- Coat of arms
- Interactive map of Gmina Zakrzewo
- Coordinates (Zakrzewo): 52°46′N 18°37′E﻿ / ﻿52.767°N 18.617°E
- Country: Poland
- Voivodeship: Kuyavian-Pomeranian
- County: Aleksandrów
- Seat: Zakrzewo

Area
- • Total: 76.08 km^{2} (29.37 sq mi)

Population (2006)
- • Total: 3,661
- • Density: 48.12/km^{2} (124.6/sq mi)

= Gmina Zakrzewo, Kuyavian-Pomeranian Voivodeship =

Gmina Zakrzewo is a rural gmina (administrative district) in Aleksandrów County, Kuyavian-Pomeranian Voivodeship, in north-central Poland. Its seat is the village of Zakrzewo, which lies approximately 13 km south-west of Aleksandrów Kujawski and 30 km south of Toruń.

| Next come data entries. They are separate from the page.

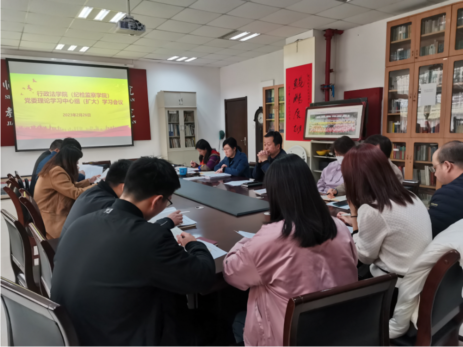 2月26日下午,行政法学院(纪检监察学院)在学院资料室召开党委理论学习中心组(扩大)会议。学院班子成员、党委委员、党支部书记、科级干部及全体辅导员参加学习。学院党委书记赵玎玎主持会议。
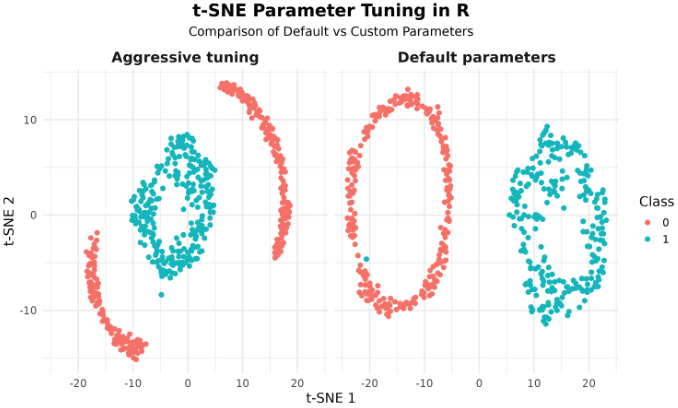 We can compare the results of t-SNE with default parameters and custom ones side by side using facets in ggplot2.
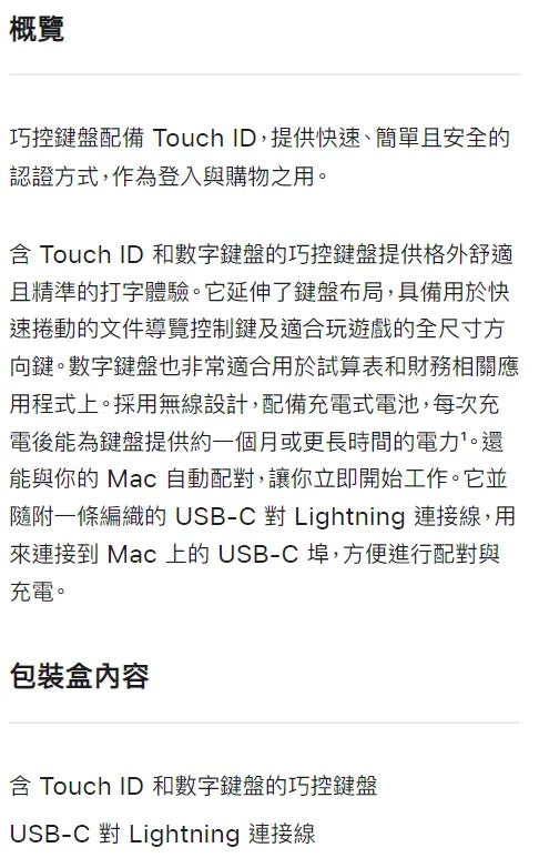 【Apple】 巧控鍵盤(含Touch ID 和數字鍵盤)
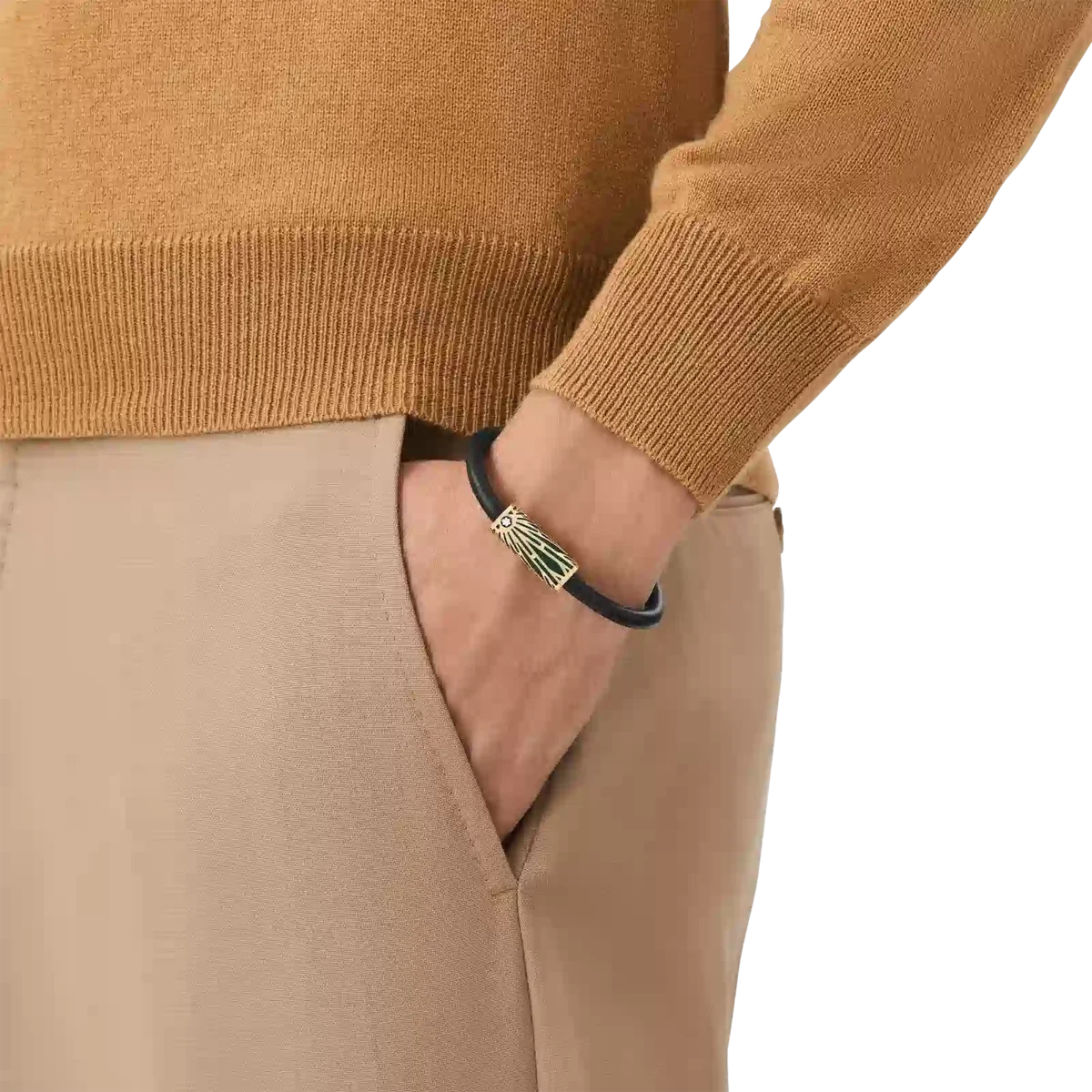 Bijuteria are o brățară din piele neagră și un tub din oțel inoxidabil cu acoperire PVD și lac verde (mărimea 60). Este inspirată din modelul Solitaire din arhivă.
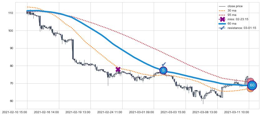 下跌趋势02-10 15:00-03-11 10:00,均线60确认关键阻力1处
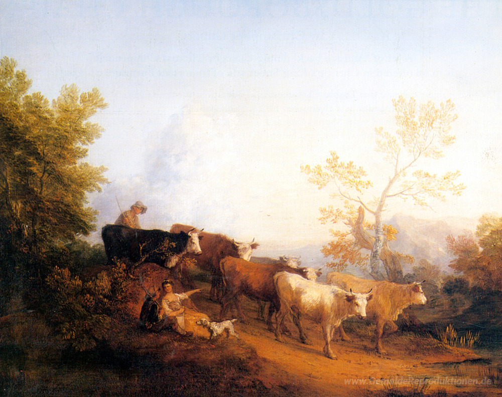 Wir bieten Ihnen eine handgefertigte Reproduktion auf Leinwand des berühmten Kunstwerks 'Heimkehr' von Thomas Gainsborough, aus dem Reproduktionsmuseum.

The gmina covers an area of 76.08 km2, and as of 2006 its total population is 3,661.

==Villages==
Gmina Zakrzewo contains the villages and settlements of Bachorza, Gęsin, Gosławice, Kobielice, Kolonia Bodzanowska, Kuczkowo, Lepsze, Michałowo, Sędzin, Sędzin-Kolonia, Seroczki, Siniarzewo, Sinki, Ujma Duża, Wola Bachorna, Zakrzewo and Zarębowo.

==Neighbouring gminas==
Gmina Zakrzewo is bordered by the gminas of Bądkowo, Dąbrowa Biskupia, Dobre, Koneck and Osięciny.